● WHAT YOU SHOULD DO
Images excepted, the data below must be repeated exactly.

==== MATERIAL PROVIDED ====

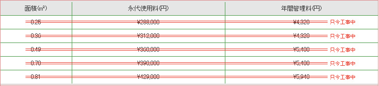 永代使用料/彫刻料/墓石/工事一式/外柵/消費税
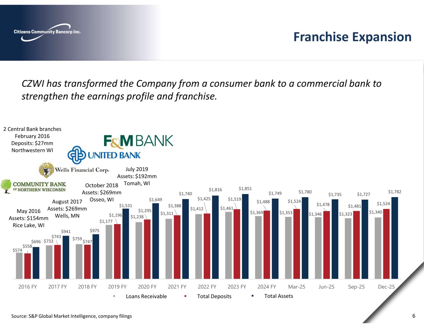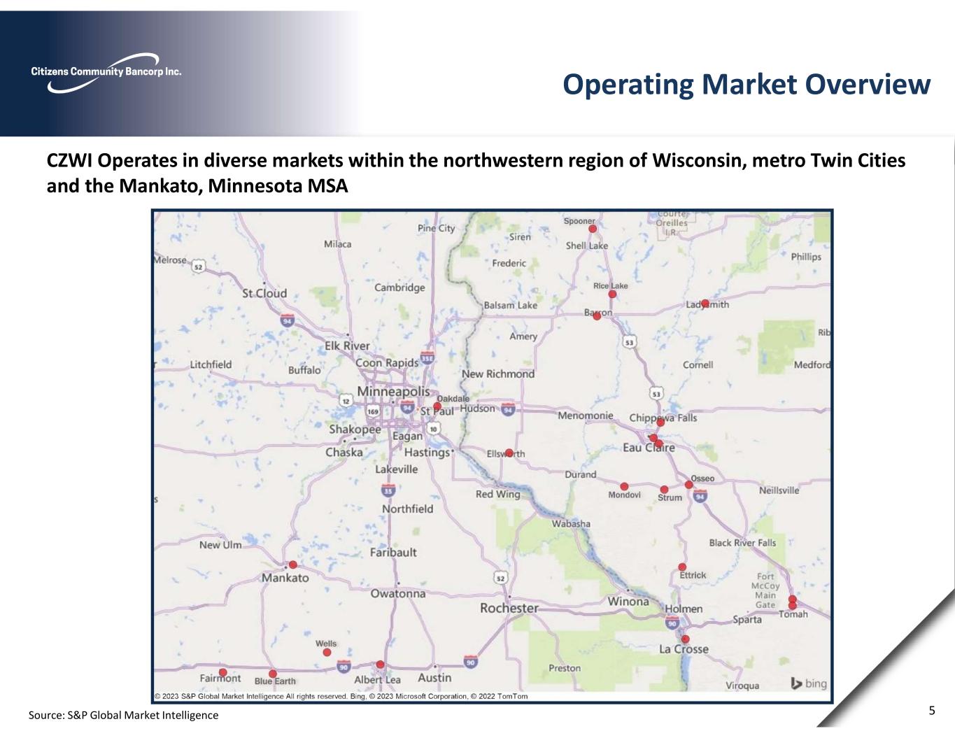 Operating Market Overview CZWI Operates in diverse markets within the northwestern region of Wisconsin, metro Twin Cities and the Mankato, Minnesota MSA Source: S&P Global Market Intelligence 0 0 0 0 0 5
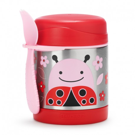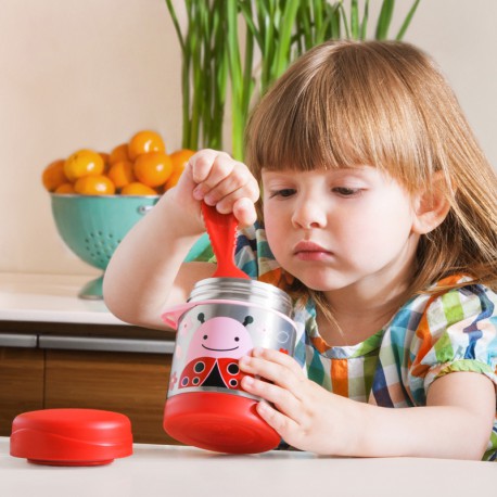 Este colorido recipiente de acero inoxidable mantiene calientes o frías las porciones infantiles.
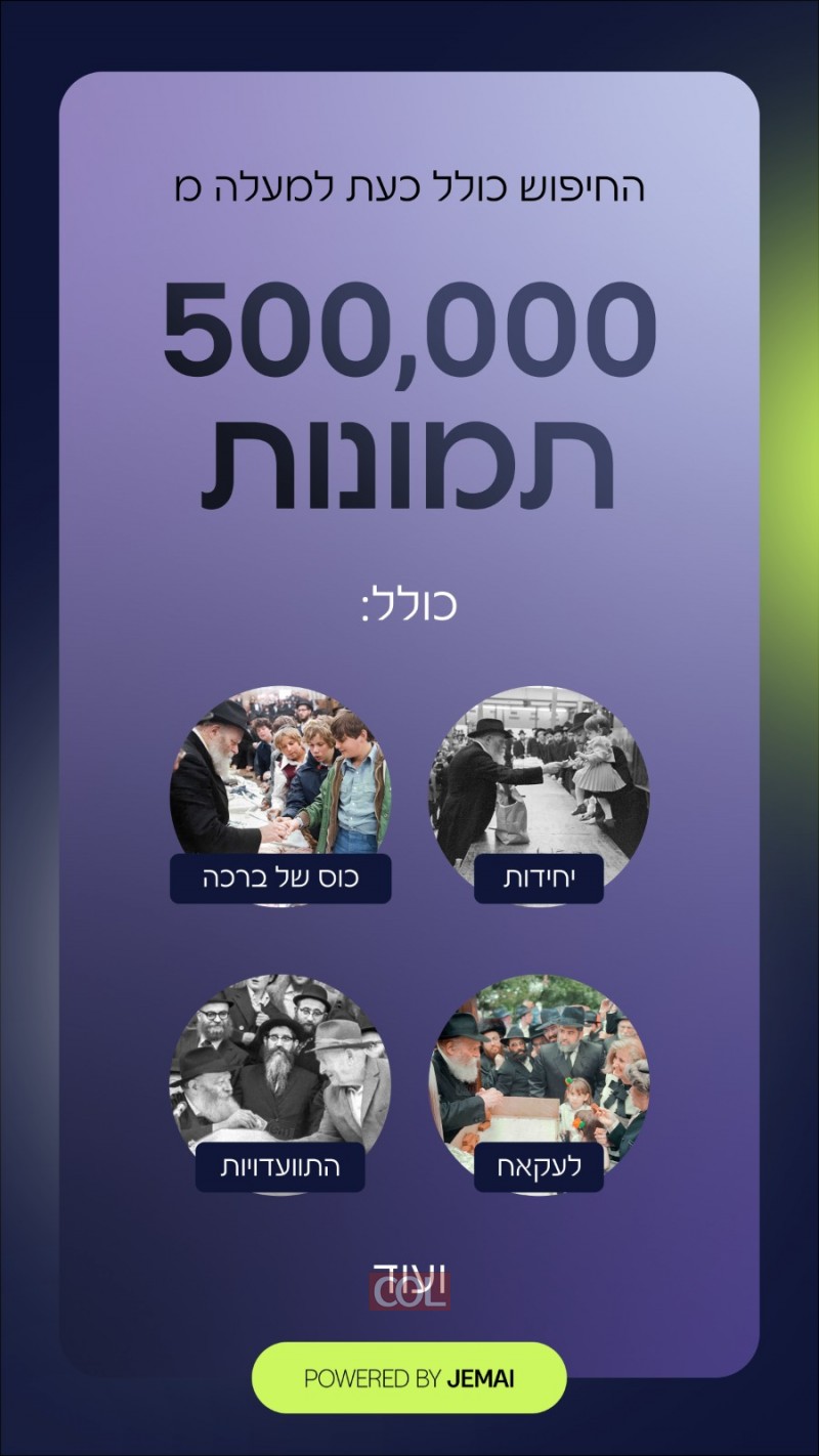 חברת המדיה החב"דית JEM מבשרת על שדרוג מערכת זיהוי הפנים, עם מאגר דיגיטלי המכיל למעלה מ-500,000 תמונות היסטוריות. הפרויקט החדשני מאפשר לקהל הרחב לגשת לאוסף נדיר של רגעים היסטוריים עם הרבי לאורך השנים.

====

● YOUR SOLUTION
 永代使用料/彫刻料/墓石/工事一式/外柵/消費税
 Operating Market Overview CZWI Operates in diverse markets within the northwestern region of Wisconsin, metro Twin Cities and the Mankato, Minnesota MSA Source: S&P Global Market Intelligence 0 0 0 0 0 5
 Este colorido recipiente de acero inoxidable mantiene calientes o frías las porciones infantiles.
 חברת המדיה החב"דית JEM מבשרת על שדרוג מערכת זיהוי הפנים, עם מאגר דיגיטלי המכיל למעלה מ-500,000 תמונות היסטוריות. הפרויקט החדשני מאפשר לקהל הרחב לגשת לאוסף נדיר של רגעים היסטוריים עם הרבי לאורך השנים.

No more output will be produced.